## Exercise:
Print every entry, word for word, and skip the images.

## Provided data:

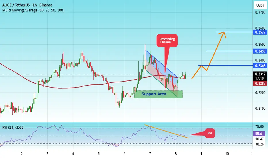 There is a key support zone in green at 0.2185. The price has bounced from this zone multiple times and is expected to bounce again.
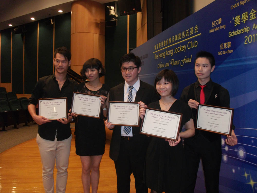 【本報訊】實習記者陳佳敏報道:六位年輕音樂和舞蹈人才昨日獲得香港賽馬會音樂與舞蹈信託基金音樂及舞蹈獎學金,將分赴美國、英國及中國深造。香港舞蹈團成員及香港演藝學院兼職教師陳磊(圖左一),成為獎學金設立以來第一個到內地攻讀研究生的得主,研究中國民族民間舞職業化。
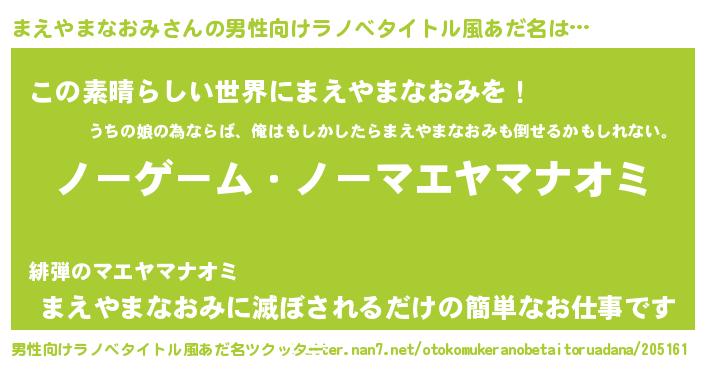 | 女子向けラノベタイトル風あだ名 | 『まえやまなおみ恋絵巻』 |
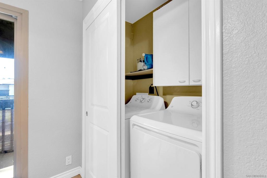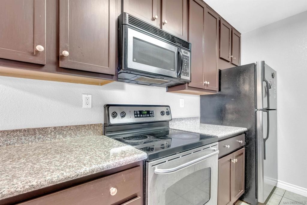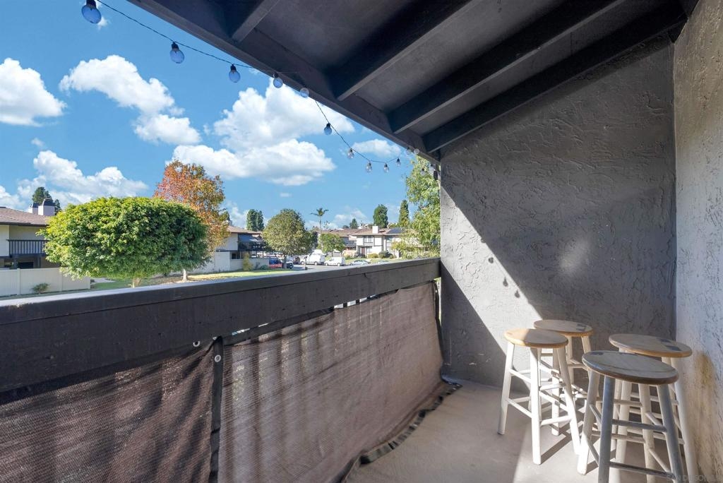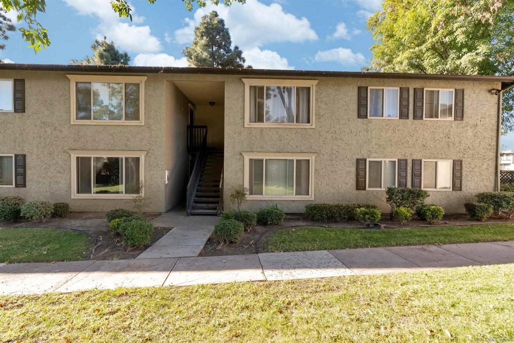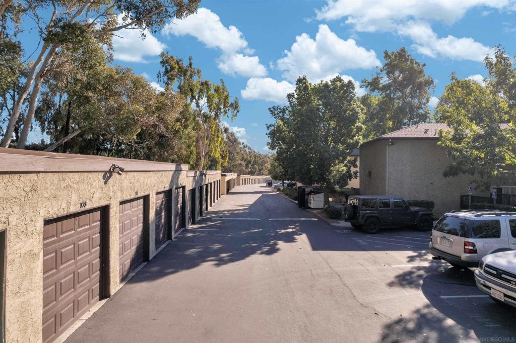 Don't miss out on this exceptional opportunity to own this upstairs unit that has TWO bedroom / ONE bathroom condo boasting TWO single car garages, AND an additional designated parking space! The expansive living area presents enchanting panoramas of the nearby scenery and towering eucalyptus trees, complemented by crown molding. Benefit from the upgraded features such as dual-pane windows for energy efficiency. The updated kitchen showcases stunning earth-tone granite countertops. Appliances, including a range, microwave, dishwasher, and washer/dryer, are included for your convenience. Relax in the large primary bedroom, complete with a walk-in closet. The spacious bathroom features large vanity area. As an added bonus, the HOA covers essential services such as water and trash. Conveniently situated near the 805 freeway, this property is a must-see for those seeking a harmonious blend of comfort and style. Don't let this rare gem slip through your fingers—schedule your viewing today!
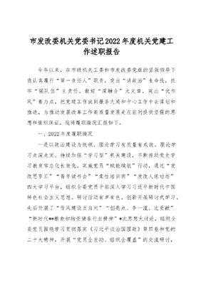 市发改委机关党委书记2022年度机关党建工作述职报告.docx
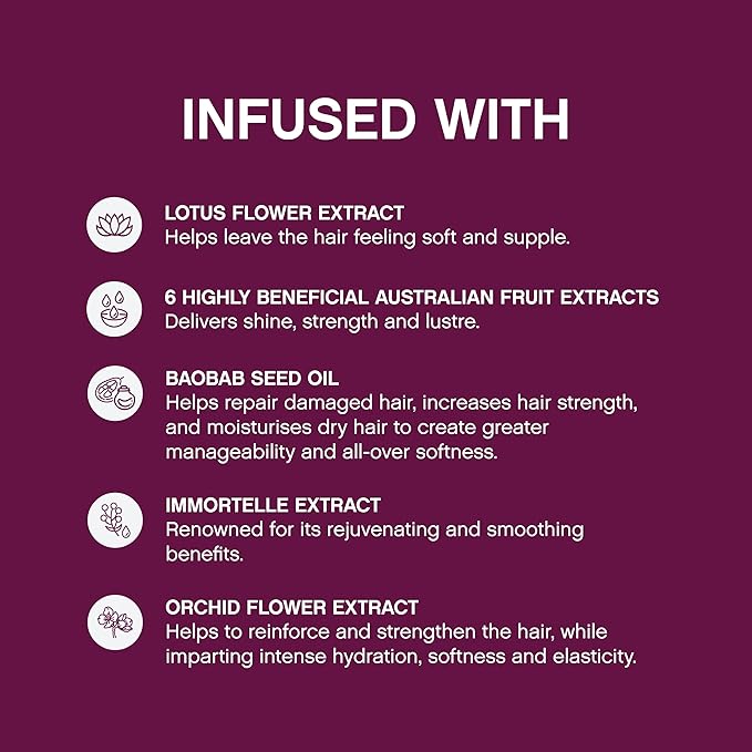 - Hair Hydration Ingredients: Formulated with Amino Acids, Baobab Seed Oil, and Lotus Flower Extract, this hair treatment strengthens, softens, and restores ageing hair
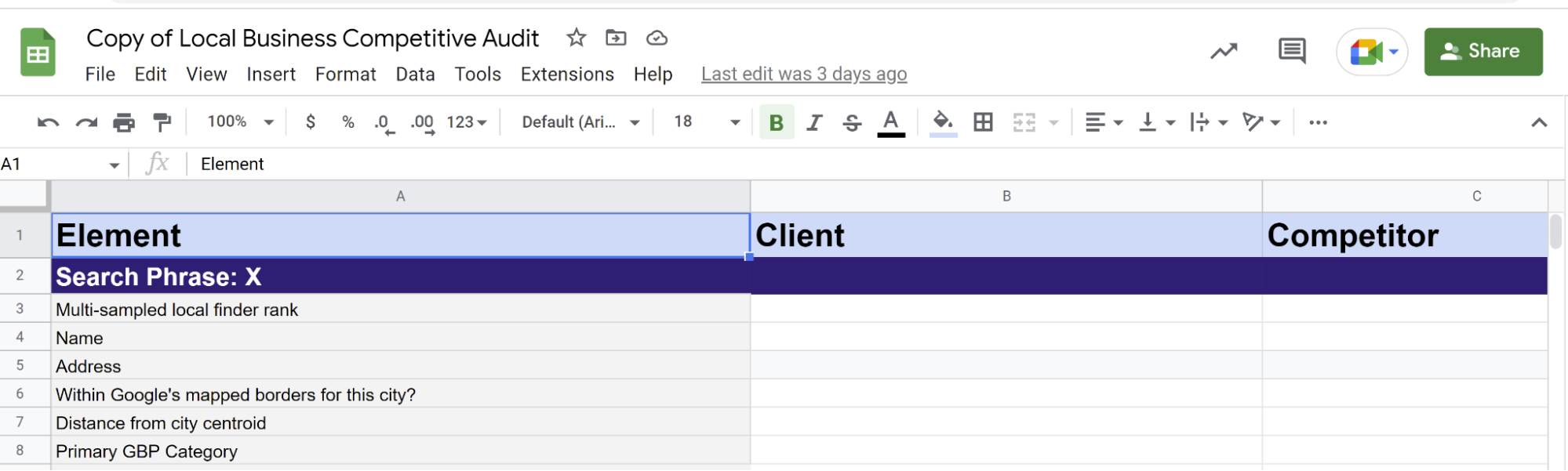 Today, I’ll teach you to assess 50+ factors and provide you with a free, copyable spreadsheet to fill out to help you discover how the business you’re marketing can reach the level of its top local competitor. I’ll provide an illustrated tutorial of each field in the sheet, and I’ll also cover how to use what you learn to create strategy, differentiation, and a philosophy for competition that exists within the positive framework of localism.
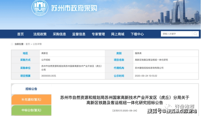 9月24日,苏州市政府采购网发布了《高新区铁路及客运枢纽一体化研究招标公告》,研究招标中,明确提及了科技城站综合枢纽的定位。
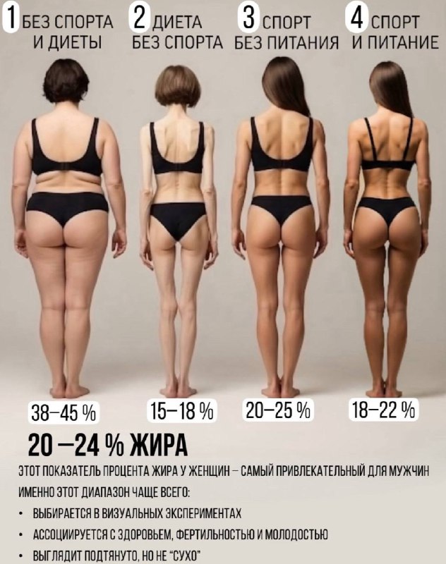 ✅Процент жира у женщин: почему важно искать «свой» диапазон, а не идеал из картинок На фото - четыре разных состояния тела при разном образе жизни. Они наглядно показывают: дело не в весе, а в состав

## Answer space:
 There is a key support zone in green at 0.2185. The price has bounced from this zone multiple times and is expected to bounce again.
 【本報訊】實習記者陳佳敏報道:六位年輕音樂和舞蹈人才昨日獲得香港賽馬會音樂與舞蹈信託基金音樂及舞蹈獎學金,將分赴美國、英國及中國深造。香港舞蹈團成員及香港演藝學院兼職教師陳磊(圖左一),成為獎學金設立以來第一個到內地攻讀研究生的得主,研究中國民族民間舞職業化。
 | 女子向けラノベタイトル風あだ名 | 『まえやまなおみ恋絵巻』 |
 Don't miss out on this exceptional opportunity to own this upstairs unit that has TWO bedroom / ONE bathroom condo boasting TWO single car garages, AND an additional designated parking space! The expansive living area presents enchanting panoramas of the nearby scenery and towering eucalyptus trees, complemented by crown molding. Benefit from the upgraded features such as dual-pane windows for energy efficiency. The updated kitchen showcases stunning earth-tone granite countertops. Appliances, including a range, microwave, dishwasher, and washer/dryer, are included for your convenience. Relax in the large primary bedroom, complete with a walk-in closet. The spacious bathroom features large vanity area. As an added bonus, the HOA covers essential services such as water and trash. Conveniently situated near the 805 freeway, this property is a must-see for those seeking a harmonious blend of comfort and style. Don't let this rare gem slip through your fingers—schedule your viewing today!
 市发改委机关党委书记2022年度机关党建工作述职报告.docx
 - Hair Hydration Ingredients: Formulated with Amino Acids, Baobab Seed Oil, and Lotus Flower Extract, this hair treatment strengthens, softens, and restores ageing hair
 Today, I’ll teach you to assess 50+ factors and provide you with a free, copyable spreadsheet to fill out to help you discover how the business you’re marketing can reach the level of its top local competitor. I’ll provide an illustrated tutorial of each field in the sheet, and I’ll also cover how to use what you learn to create strategy, differentiation, and a philosophy for competition that exists within the positive framework of localism.
 9月24日,苏州市政府采购网发布了《高新区铁路及客运枢纽一体化研究招标公告》,研究招标中,明确提及了科技城站综合枢纽的定位。
 ✅Процент жира у женщин: почему важно искать «свой» диапазон, а не идеал из картинок На фото - четыре разных состояния тела при разном образе жизни. Они наглядно показывают: дело не в весе, а в состав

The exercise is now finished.